**Problem to work on**
Your answer must be an exact copy of the data below, minus any pictures.

**Given records**
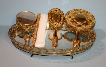497 Mirror Plateau with Matching Brush, Mirror, Comb and Hand Mirror Description
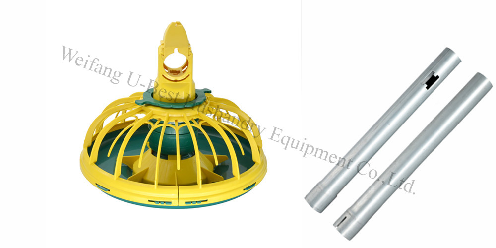 | Advantages | a. Different gears of feed amount, meeting eating demands of different period chickens. b. Accurate and quick to adjust feed flow, the principle is to catch two ears in the inner and pull them out adjust up and down. c. The pan bottom can be disassembled on the ground, which can be used for day-old chicks. d. V-shape plate design can reduce feed storage on bottom, so birds can always eat fresh feed, which also prevents birds staying on the plate for a long time. e. The edge of pan plate tilt towards the center, which avoids waste of feed, the smooth edge prevents birds craws hurting and make sure safe and comfort feeding. |
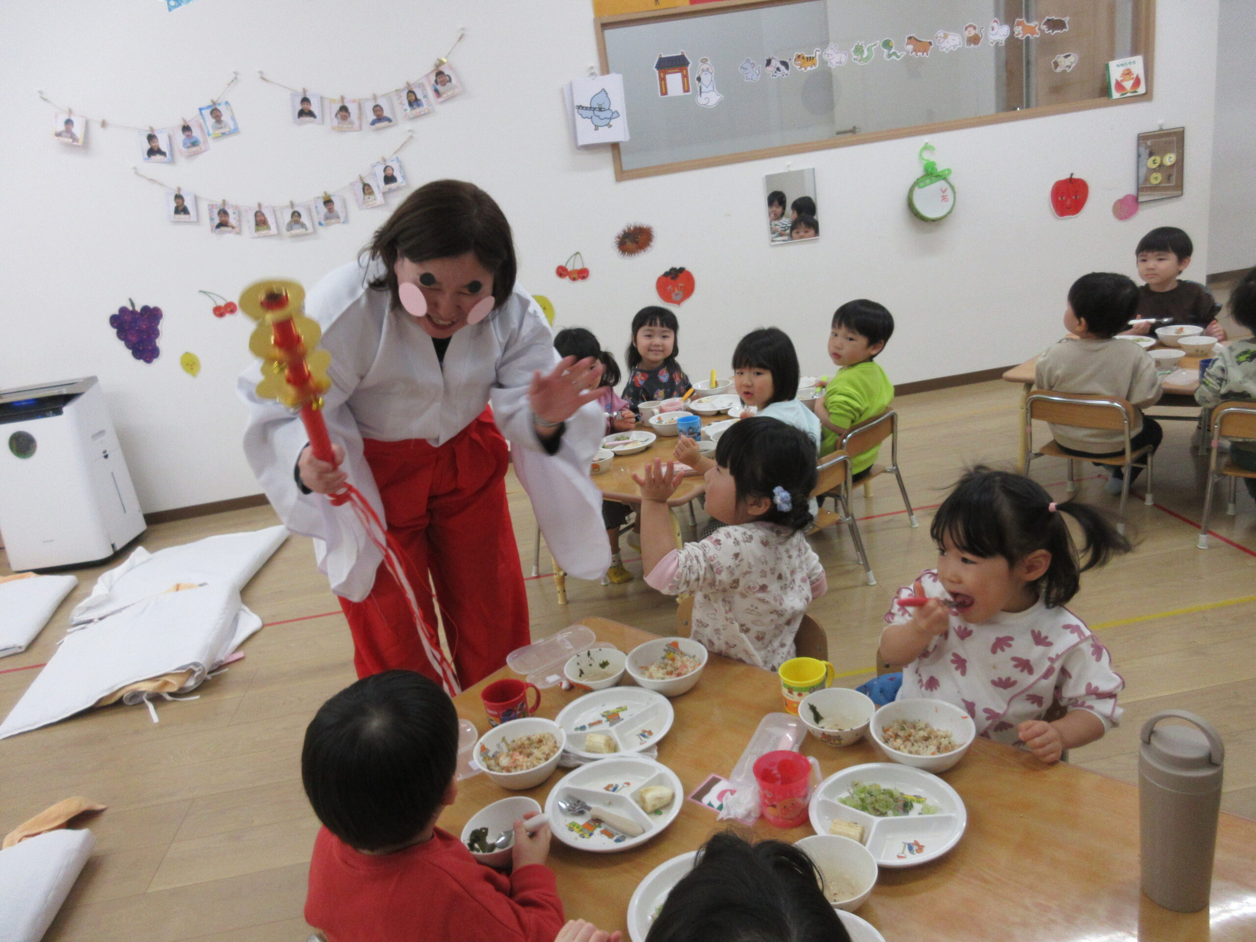 無事に終わってお部屋へ・・・ホッと一息ついていると、今年はなんと福の神様もりこの森保育園に来てくれました💗
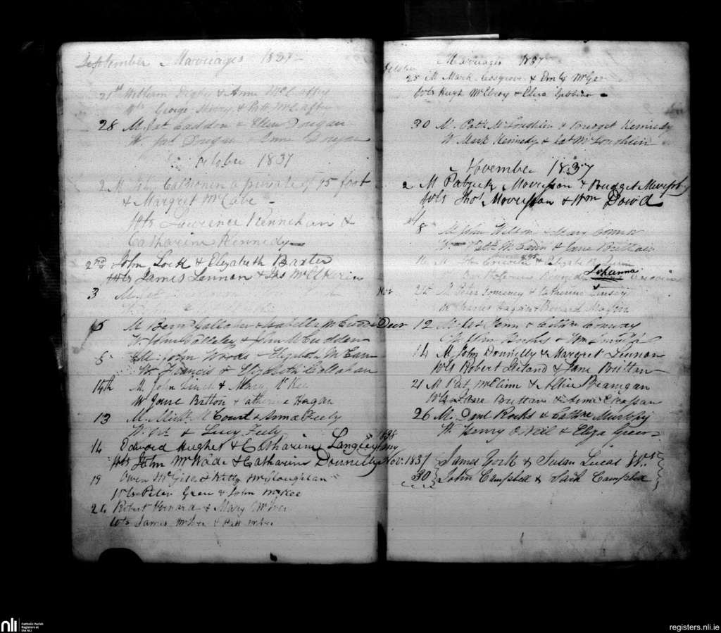 Armagh; County of Armagh; Archdiocese of Armagh. Marriages, Sep. 1837 to Jan. 1838
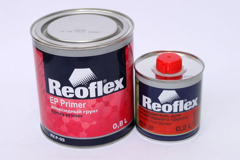 - Reoflex 2K 1+1. Двухкомпонентный праймер жёлтого цвета. В составе фосфаритирующий ингредиент и отвердитель. Отлично подходит для реставрации повреждённых покрытий.
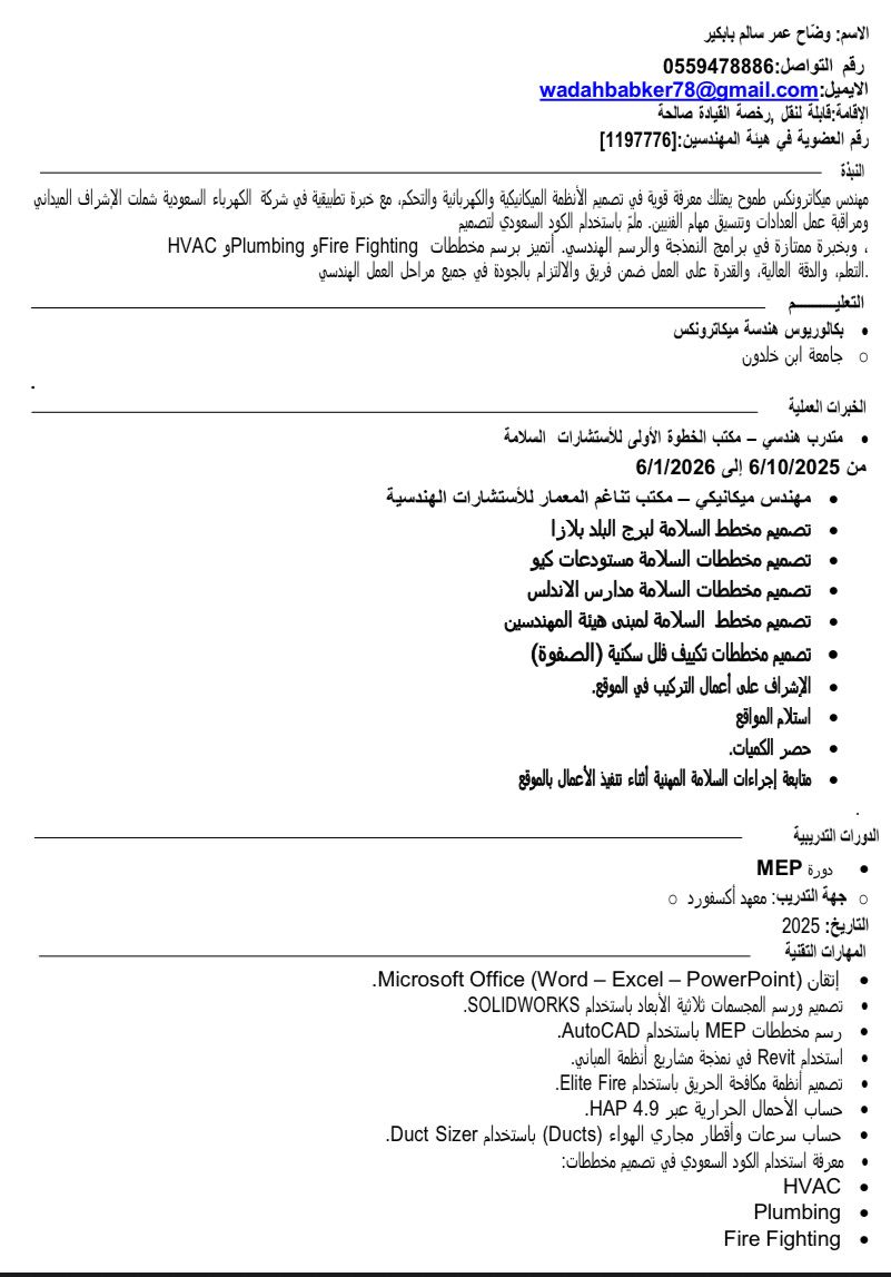 مهندس ميكانيك متواجد فيجدة بخبرة سنة ونصف في مجال المقاولات الكهروميكانيكية (MEP) متمكن من المهام التالية 1. تجهيز ورسم مخططات التكييف ومكافحة الحريق بدقة عالية. 2. الاشراف المباشر على التنفيذ في المواقع وضمان مطابقة المواصفات. 3. حصر الكميات ومتابعة سير الأعمال. الخبرة سنة ونصف. الحالة متاح لنقل الكفالة / أو للعمل الفوري
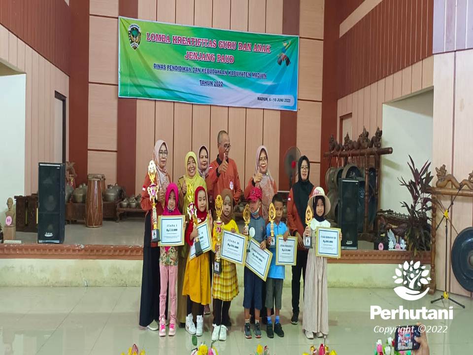 SARADAN, PERHUTANI (10/6/2022) | TK Tunas Rimba I Saradan yang diwakili oleh Synala Keshwari Nur Sadewo meraih juara I di tingkat Kabupaten Madiun pada lomba cerita pengalaman anak pada peringatan hari Anak Nasional (HAN) yang digelar oleh Dinas Pendidikan dan Kebudayaan Kabupaten Madiun, Kamis (09/06).
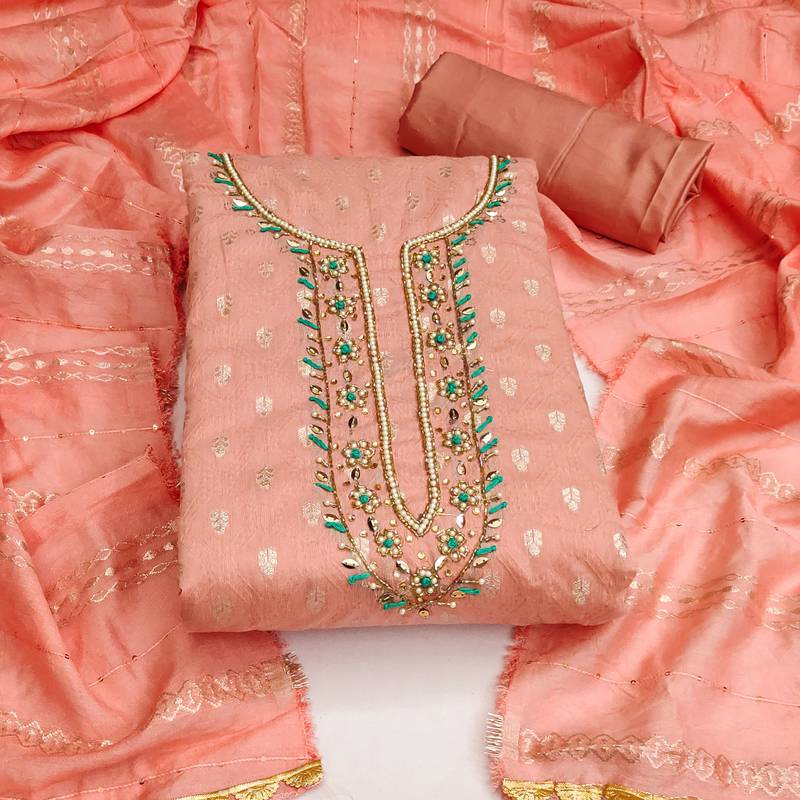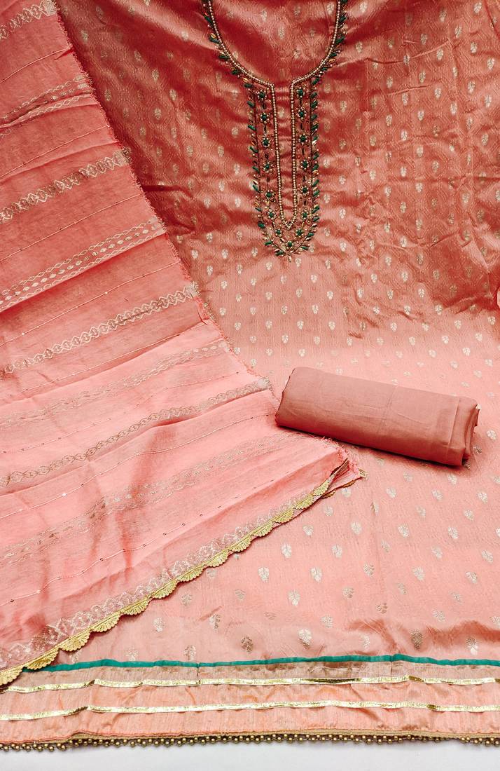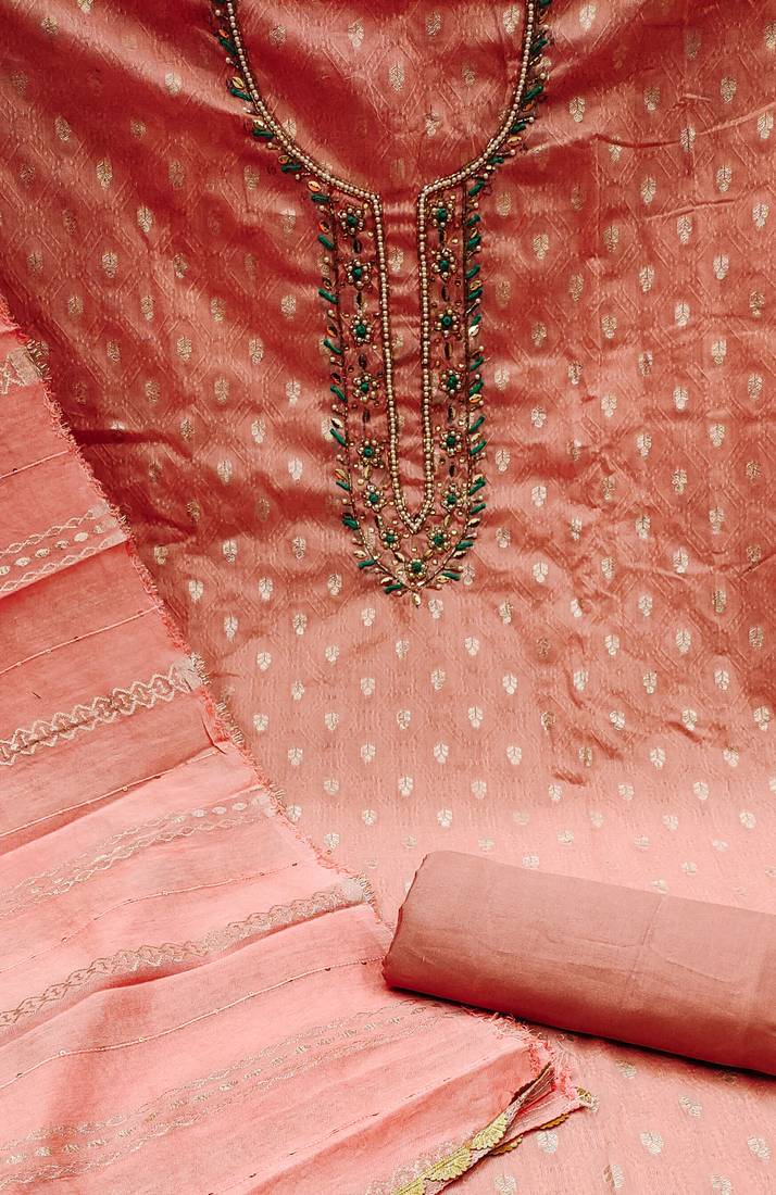| Product Description | Weaving Work With Heavy Hand Work On Neck Along With Woven Work Dupatta Straight Style 2.00 Mtr Unstitched Dress Material Top Of Peach Colour Jacquard Silk Fabric With 2 Mtr Heavy Santoon As Lining Inner Fabric Also Including 2.40 Mtr Unstitched Bottom Material Of Peach Colour Heavy Santoon Fabric With 2.20 Mtr Dupatta Of Peach Colour Soft Cotton Fabric |

**Written solution**
497 Mirror Plateau with Matching Brush, Mirror, Comb and Hand Mirror Description
 | Advantages | a. Different gears of feed amount, meeting eating demands of different period chickens. b. Accurate and quick to adjust feed flow, the principle is to catch two ears in the inner and pull them out adjust up and down. c. The pan bottom can be disassembled on the ground, which can be used for day-old chicks. d. V-shape plate design can reduce feed storage on bottom, so birds can always eat fresh feed, which also prevents birds staying on the plate for a long time. e. The edge of pan plate tilt towards the center, which avoids waste of feed, the smooth edge prevents birds craws hurting and make sure safe and comfort feeding. |
 無事に終わってお部屋へ・・・ホッと一息ついていると、今年はなんと福の神様もりこの森保育園に来てくれました💗
 Armagh; County of Armagh; Archdiocese of Armagh. Marriages, Sep. 1837 to Jan. 1838
 - Reoflex 2K 1+1. Двухкомпонентный праймер жёлтого цвета. В составе фосфаритирующий ингредиент и отвердитель. Отлично подходит для реставрации повреждённых покрытий.
 مهندس ميكانيك متواجد فيجدة بخبرة سنة ونصف في مجال المقاولات الكهروميكانيكية (MEP) متمكن من المهام التالية 1. تجهيز ورسم مخططات التكييف ومكافحة الحريق بدقة عالية. 2. الاشراف المباشر على التنفيذ في المواقع وضمان مطابقة المواصفات. 3. حصر الكميات ومتابعة سير الأعمال. الخبرة سنة ونصف. الحالة متاح لنقل الكفالة / أو للعمل الفوري
 SARADAN, PERHUTANI (10/6/2022) | TK Tunas Rimba I Saradan yang diwakili oleh Synala Keshwari Nur Sadewo meraih juara I di tingkat Kabupaten Madiun pada lomba cerita pengalaman anak pada peringatan hari Anak Nasional (HAN) yang digelar oleh Dinas Pendidikan dan Kebudayaan Kabupaten Madiun, Kamis (09/06).
| Product Description | Weaving Work With Heavy Hand Work On Neck Along With Woven Work Dupatta Straight Style 2.00 Mtr Unstitched Dress Material Top Of Peach Colour Jacquard Silk Fabric With 2 Mtr Heavy Santoon As Lining Inner Fabric Also Including 2.40 Mtr Unstitched Bottom Material Of Peach Colour Heavy Santoon Fabric With 2.20 Mtr Dupatta Of Peach Colour Soft Cotton Fabric |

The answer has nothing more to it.